Btw, kuliner-kuliner Balikpapan ternyata menarik juga. Bikin ngiler bacanya. Apalagi lihat foto-fotonya. Asli atau tidak, persoalan kesekian. Lagipula susah juga kadang-kadang menentukan siapa pemilik asli sebuah makanan hehehe…
temukonco
Saya juga pas nulis ya ngiler pengen ke sana. Tapi terus ingat jaman-jaman kondisi seperti ini, apa ya mereka masih buka dan berjualan ya? Kasihan e. Semoga semua baik-bauk saja…
Zam
saya ingat waktu ke Derawan, mendarat di Balikpapan dulu sebelum lanjut ke Berau lalu ke Derawan..
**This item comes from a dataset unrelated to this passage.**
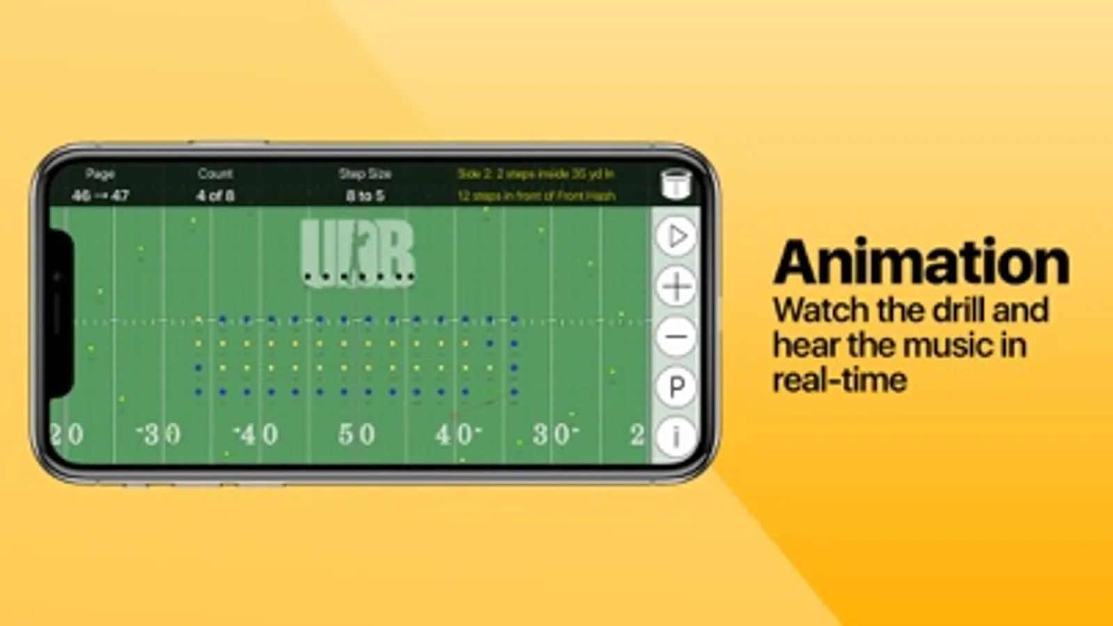 - Watch the drill animation while listening to the music from any perspective (performer or director).

saat pulang, kami mampir ke sebuah warung yang menyajikan aneka kepiting, termasuk kepiting kenari. apakah kepiting itu juga termasuk makanan khas?
temukonco
Enggak khas juga sih Mas. Beberapa memang ada yang menyukainya. Tapi mungkin kepiting kenari ini kayak gudeg deh kalau di Jogja. Biasanya untuk oleh-oleh atau menjamu tamu yang datang. Tapi kalau untuk makan sendiri, biasanya jarang sih. Nggak tau kalau sekarang ya.
Riza Firli
Enak banget ya kulineran di balikpapan..
banyak juga kuliner sea food enak2 disana..deket ewalk
temukonco
oh iyaaa… dekat e-walk itu juga keren-keren kulinernya. kalau yang di daerah Melawai, masih ramai enggak ya?